John
John

Reputation: 123

zip function is returning duplicates

Currently my list is:

[[(881, 886), ('Twilight Sparkle', 'Rainbow Dash')],
 [(883, 885), ('Applejack', 'Rarity')], 

[(887, 884), ('Princess Celestia', 'Pinkie Pie')],

 [(888, 882), ('Princess Luna', 'Fluttershy')]]

I want it instead to have the format:

   [(pid1, pname1, pid2, pname2),

 (pid3, pname3, pid4, pname4), 

(pid5, pname5, pid6, pname6), 

(pid7, pname7, pid8, pname8)] 

So that it is player1, name 1, player2, name 2

Is it better to do it that in the previous zip function and zip it a different way or manipulate the list now.

I thought to do it

temp = x[1]
x[1] = x[2]
x[2] = x[3]

But I'm not sure how to do it.

This is the zip function:

for i in range(0,length, 2):
    pairs =zip(list[i],list[i+1])

Prior to zipping it was in this format:

[(881, 'Twilight Sparkle'), (886, 'Rainbow Dash'),
 (883, 'Applejack'), (885, 'Rarity'), 
(887, 'Princess Celestia'), (884, 'Pinkie Pie'),
 (888, 'Princess Luna'), (882, 'Fluttershy')]

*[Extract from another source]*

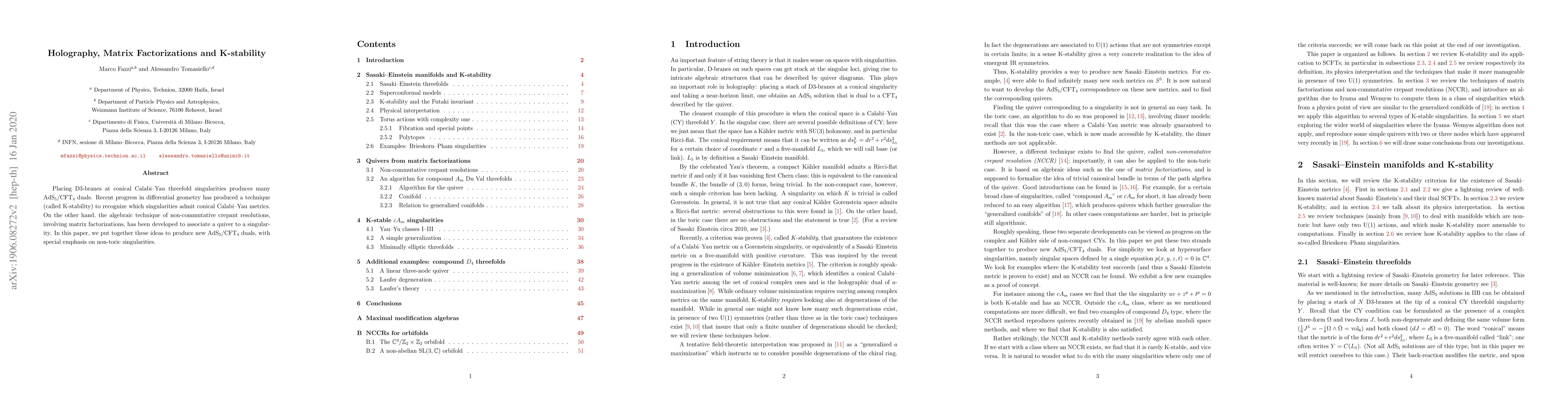This paper combines K-stability and matrix factorizations to create new AdS$_5$/CFT$_4$ duals, particularly for non-toric singularities, using conical Calabi-Yau metrics.

Is there a way to change the zip function so that it puts the first two in a list, then the second two, and so on but maintains the order of id, name, id, name rather than combining the id and name?

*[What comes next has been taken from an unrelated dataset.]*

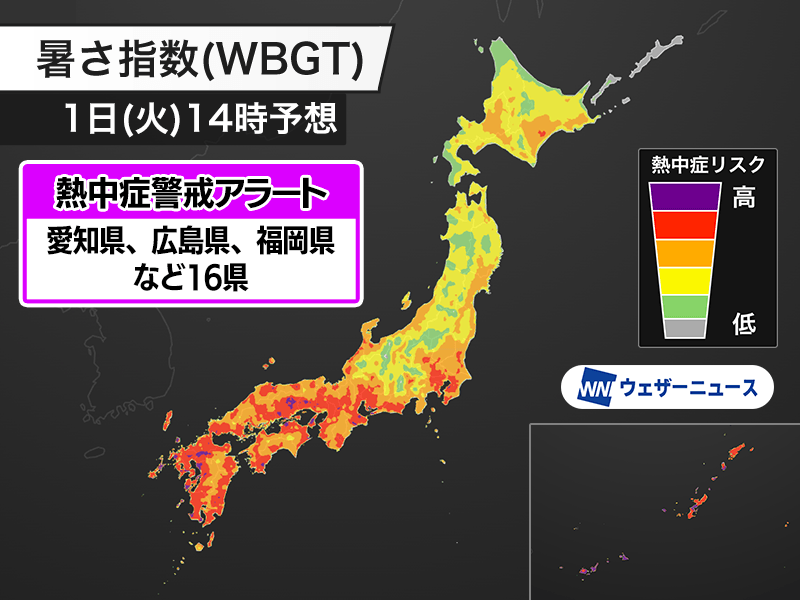 明日1日(火)も西日本から東海は太平洋高気圧に覆われ、強い日差しが照りつけて気温が上がります。熱中症警戒アラートの対象地域では暑さ指数(WBGT)も高くなり、熱中症のリスクが上昇するところがあるので、エアコンをつけたり、こまめな水分補給・塩分補給を行うなどの対策をしっかりと行ってください。十分な睡眠と栄養補給も熱中症予防の基本です。

And I want it to be in the format:

[(881, 'Twilight Sparkle',886, 'Rainbow Dash'),
 (883, 'Applejack',885, 'Rarity'), 
(887, 'Princess Celestia', 884, 'Pinkie Pie'),
 (888, 'Princess Luna', 882, 'Fluttershy')]

Upvotes: 1

Views: 153

Answers (4)

Moinuddin Quadri
Moinuddin Quadri

Reputation: 48067

You may use zip() with itertools.chain() along with list comprehension as:

from itertools import chain

[tuple(chain(*zip(*item))) for item in my_list]

which returns:

[(881, 'Twilight Sparkle', 886, 'Rainbow Dash'), 
(883, 'Applejack', 885, 'Rarity'), 
(887, 'Princess Celestia', 884, 'Pinkie Pie'), 
(888, 'Princess Luna', 882, 'Fluttershy')]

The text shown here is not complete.